Para quem trabalha com educação, seja como pedagogo, licenciado, professor ou administrador, poder ver na prática o choque de mentalidade entre as metodologias convencionais e as novas do processo de ensino-aprendizado é muito legal. O professor Foucaut, por exemplo, vai pouco a pouco mudando suas crenças e seus métodos de trabalho durante o filme. Não são apenas os alunos que se transformam ao longo da história. O professor também se torna um melhor docente ao procurar cativar os estudantes e ao se interessar por compreender a realidade objetiva de sua turma (ao invés de tentar impor-se através da ordem e da disciplina). Isso fica mais evidente no tipo de aula dada por ele e em sua relação com Seydou, o garoto-problema da escola. As aulas de Foucaut, pouca a pouco, deixam de ser expositivas para se tornarem atividades com metodologias ativas de ensino-aprendizado. A disputa de poder entre professor e Seydou se transforma em uma relação de amizade verdadeira entre a dupla.
O desfecho da história é do tipo aberto. O que acontece com o menino Seydou e com o professor François Foucault ao final do ano letivo retratado?! Na verdade, isso não importa. O que o filme tenta mostrar é o que aconteceu com essa dupla de personagens durante aquele ano letivo. Esse período teve a propriedade de mudá-los definitivamente. Gostei da conclusão final, apesar de ela não decretar objetivamente o que será do futuro da dupla de protagonistas.

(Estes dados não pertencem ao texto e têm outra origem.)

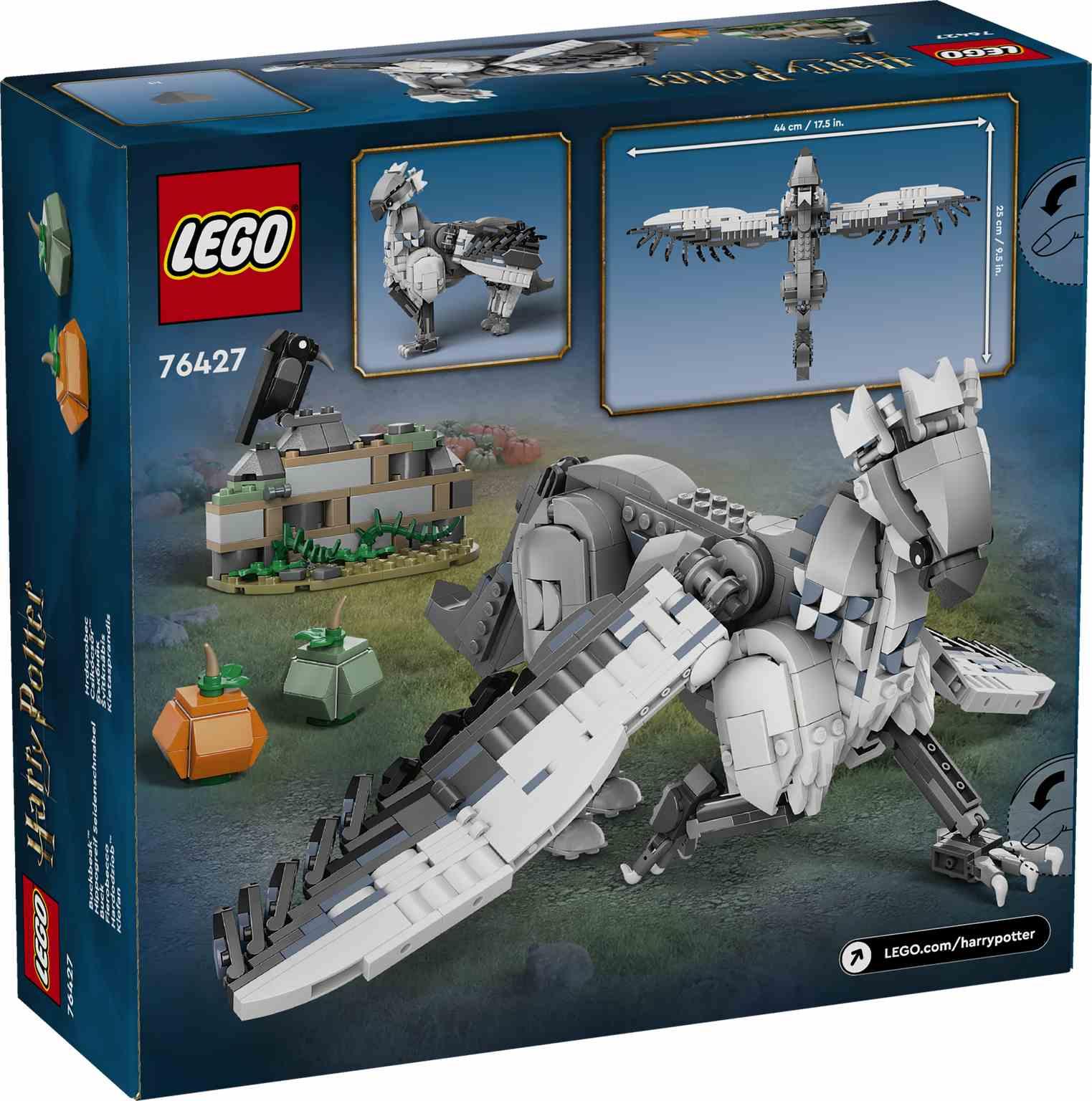 Anima a tu peque a revivir las hechizantes aventuras de Harry Potter™ y crear una alegre pieza de exposición con el juguete Buckbeak™ (76427), el modelo LEGO® más grande del entrañable hipogrifo. Este set, una divertida idea de regalo para niños yniñas a partir de 9 años, incluye una figura de juguete LEGO articulada del mágico animal, además de una pequeña sección construible del huerto de Hagrid con 2 calabazas y una figura de un pájaro para imaginar historias o crear una pieza de exposición. Inclina la cabeza de Buckbeak, despliega sus alas en posturas de vuelo y ajusta las patas como si caminara, se sentara o hiciera una reverencia. Mejora la experiencia de construcción de tu peque con las intuitivas herramientas digitales de la appLEGO Builder. Este juego LEGO Harry Potter coleccionable ofrece a tu joven mago, bruja o Muggle™ una actividad creativa para disfrutar a solas o con amigos y la posibilidad de usar los modelos con otros sets LEGO Harry Potter (a la venta por separado).

"O Melhor Professor da Minha Vida" é um filme leve (apesar da temática pesada), muito engraçado (não é preciso comentar a ironia do nome da personagem principal, né?) e profundo. O longa-metragem tem a capacidade de discutir uma série de temas ligados à educação com uma singeleza que não torna sua narrativa entediante para as pessoas que não trabalham nessa área.